## Description of the task
Apart from pictures, transcribe exactly each line from the one containing "近期,国晟科技收货暴涨行情,2025年1" through the final line of the listing below.

## Available data
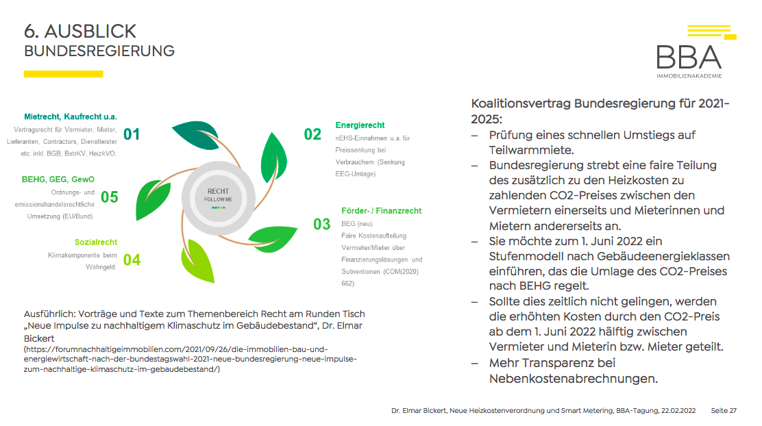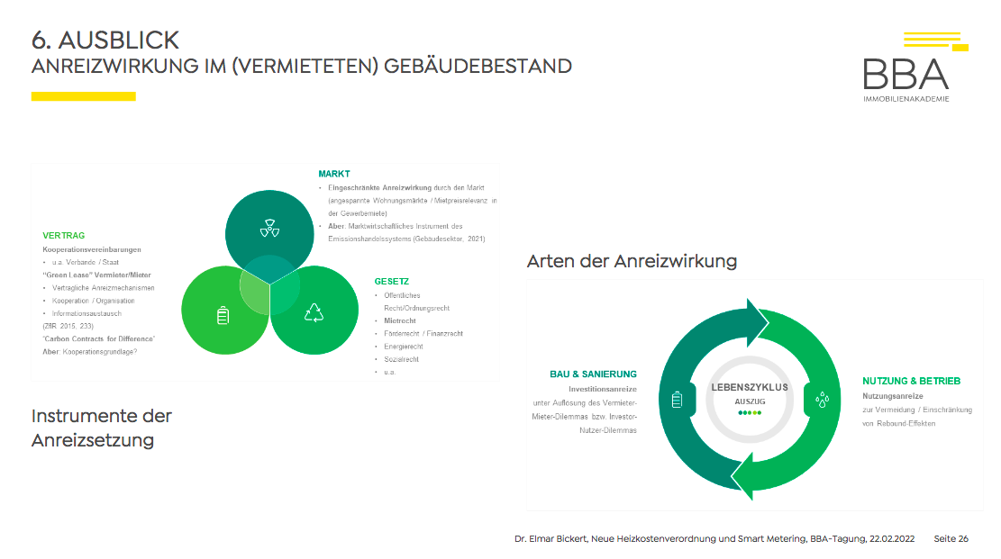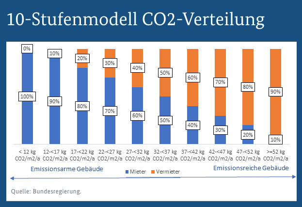 Dies hat auch die Bundesregierung erkannt. Am 2. April 2022 haben sich der Bundeswirtschaftsminister, die Bundesbauministerin und der Bundesjustizminister auf eine Teilung der CO2-Kosten zwischen Vermietern und Mietern sowohl bei den Wohn- als auch Nichtwohngebäuden geeinigt, die für sich das Attribut fair in Anspruch nimmt. Investitions-/Sanierungsanreize werden ebenso aufgegriffen wie Nutzungsanreize:
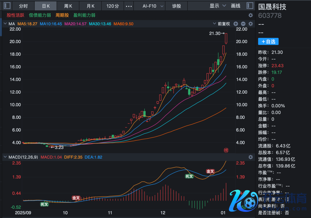 近期,国晟科技收货暴涨行情,2025年10月31日至2026年1月6日历间,公司股票5次波及股价特殊波动、1次波及严重特殊波动情形,时期累计涨幅高达370.20%,最新股价为21.3元/股,创历史新高。基于前述情况,公司按照联系限定恳求自1月7日开市起停牌核查,瞻望停牌时候不跳跃3个往改日。
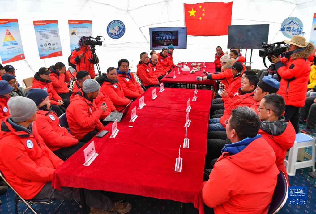 在海拔約4950米的卓奧友峰科考指揮大本營裏,科考隊員趙華標(手拿麥克風者)在宣讀剛剛接收到的頂峰氣象觀測數據。這標誌着峰頂自動氣象站架設成功,成功傳回觀測數據(10月1日攝)。

## Expected output
 近期,国晟科技收货暴涨行情,2025年10月31日至2026年1月6日历间,公司股票5次波及股价特殊波动、1次波及严重特殊波动情形,时期累计涨幅高达370.20%,最新股价为21.3元/股,创历史新高。基于前述情况,公司按照联系限定恳求自1月7日开市起停牌核查,瞻望停牌时候不跳跃3个往改日。
 在海拔約4950米的卓奧友峰科考指揮大本營裏,科考隊員趙華標(手拿麥克風者)在宣讀剛剛接收到的頂峰氣象觀測數據。這標誌着峰頂自動氣象站架設成功,成功傳回觀測數據(10月1日攝)。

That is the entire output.